What is needed ▸ Print the line containing "本来晴れていればもっと展望も" and all lines after it, unchanged, through the end of the data. Leave the pictures out.

Given material ▸
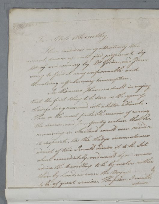 [ID:5734] From: Dr William Cullen (Professor Cullen) / To: [ADDRESSEE UNKNOWN] / Regarding: Miss Abernethie (Abernethy) (Patient) / 2 October 1788 / (Outgoing)
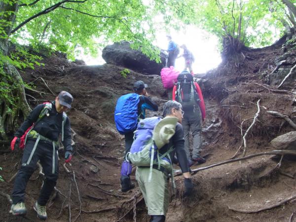 本来晴れていればもっと展望も良く、鎖場ももう少し楽に通過できたでしょうが、雨の中鎖場を通過するというのは中々経験出来ません。私もガイドやお客様の歩き方を見てとても勉強になりました!
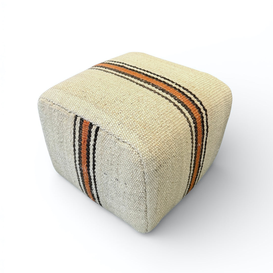 Custom Cube Stool Newly Upholstered in a Vintage Cream w/Orange Stripe Wool Rug, Turkey
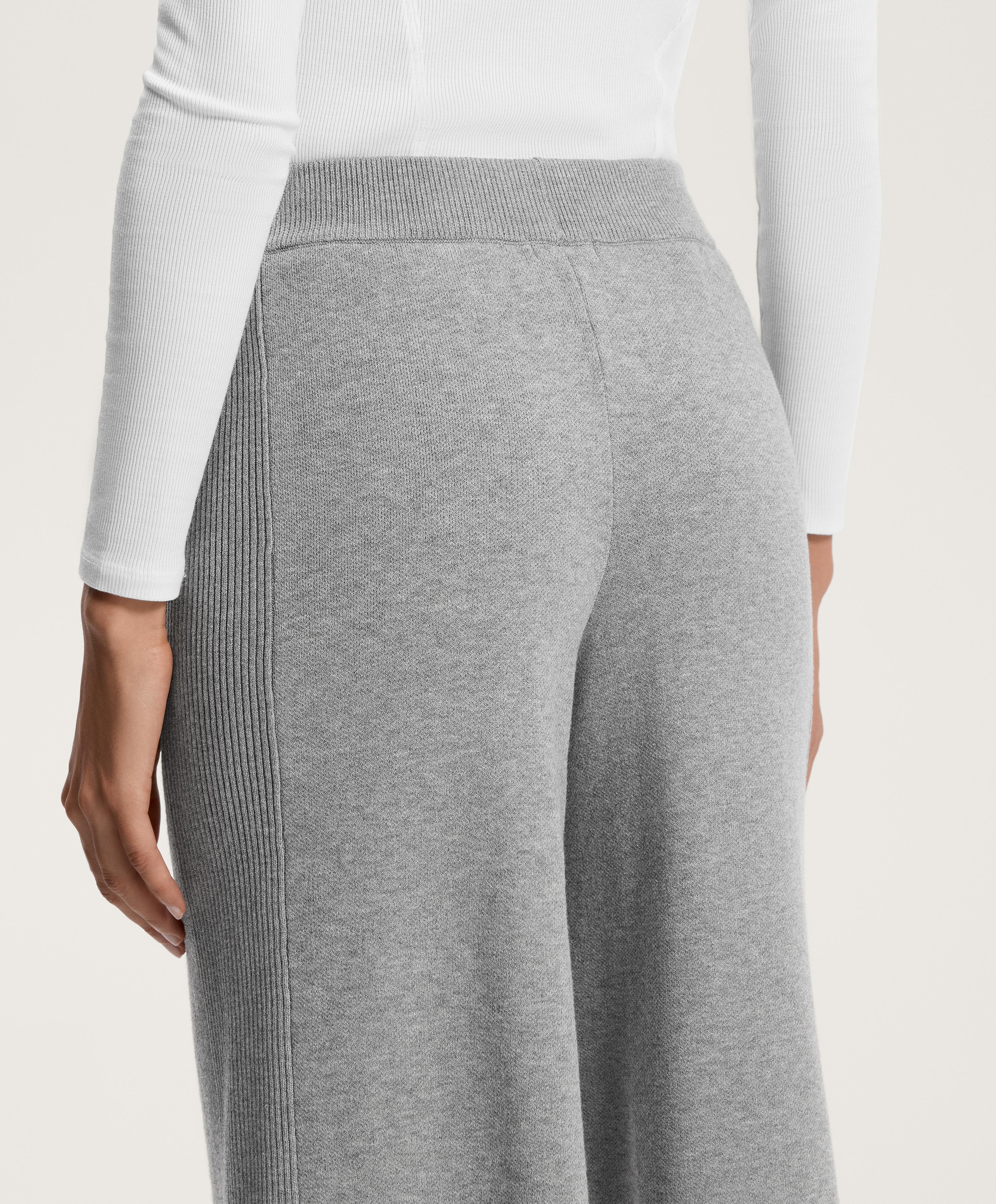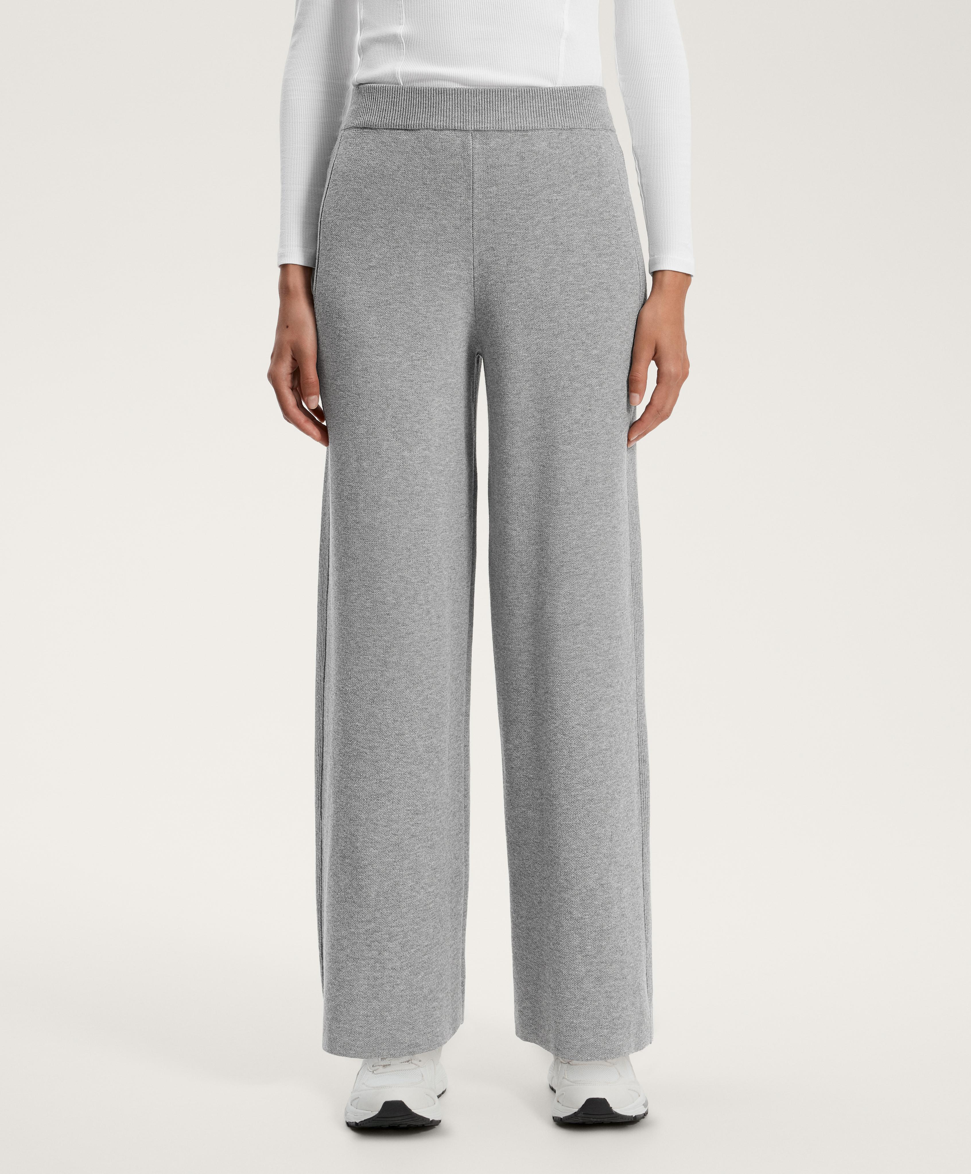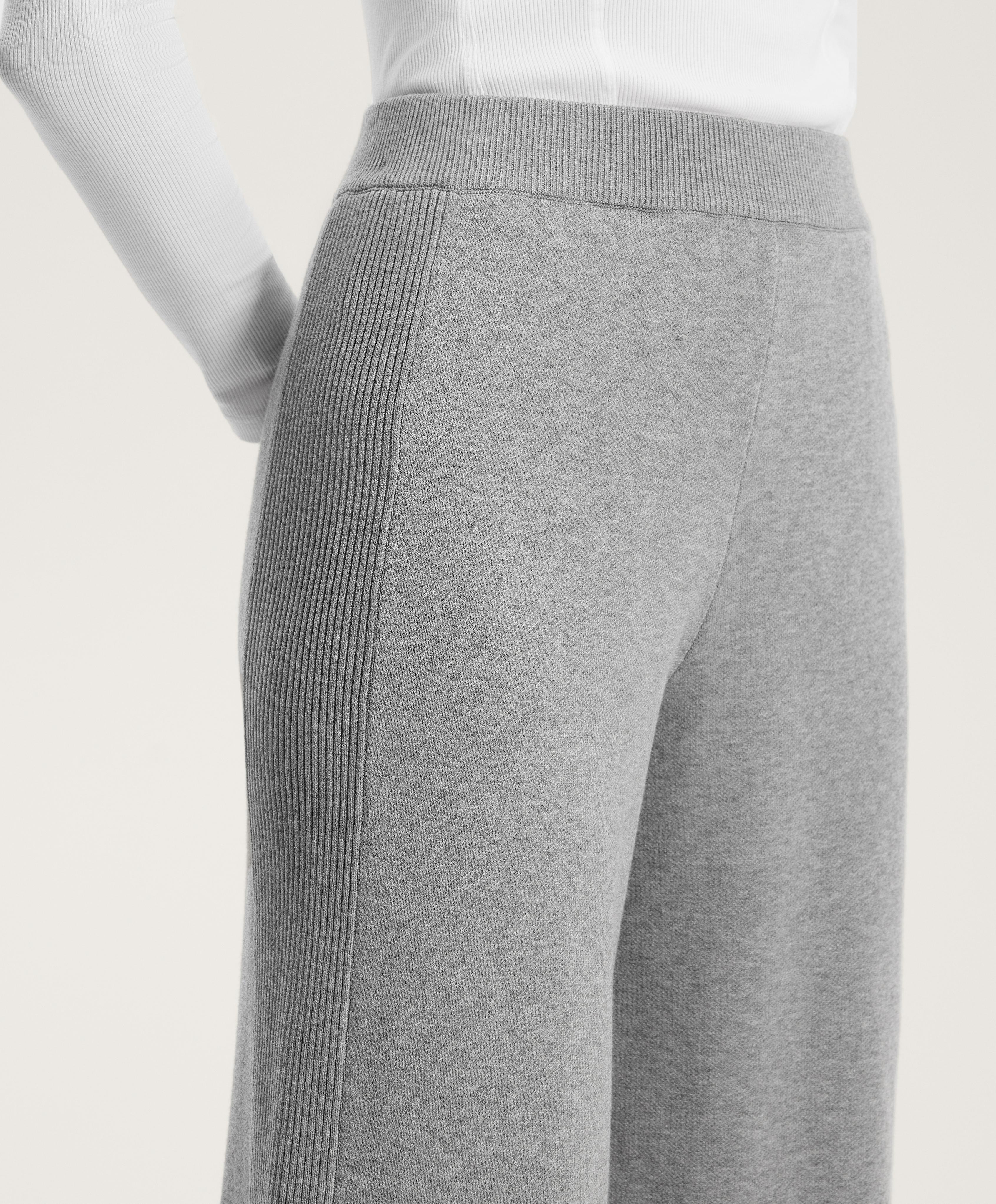 Брюки прямого покроя с регулируемой талией. Трикотажная ткань с резинкой по бокам.

Answer below ▸
 本来晴れていればもっと展望も良く、鎖場ももう少し楽に通過できたでしょうが、雨の中鎖場を通過するというのは中々経験出来ません。私もガイドやお客様の歩き方を見てとても勉強になりました!
 Custom Cube Stool Newly Upholstered in a Vintage Cream w/Orange Stripe Wool Rug, Turkey
 Брюки прямого покроя с регулируемой талией. Трикотажная ткань с резинкой по бокам.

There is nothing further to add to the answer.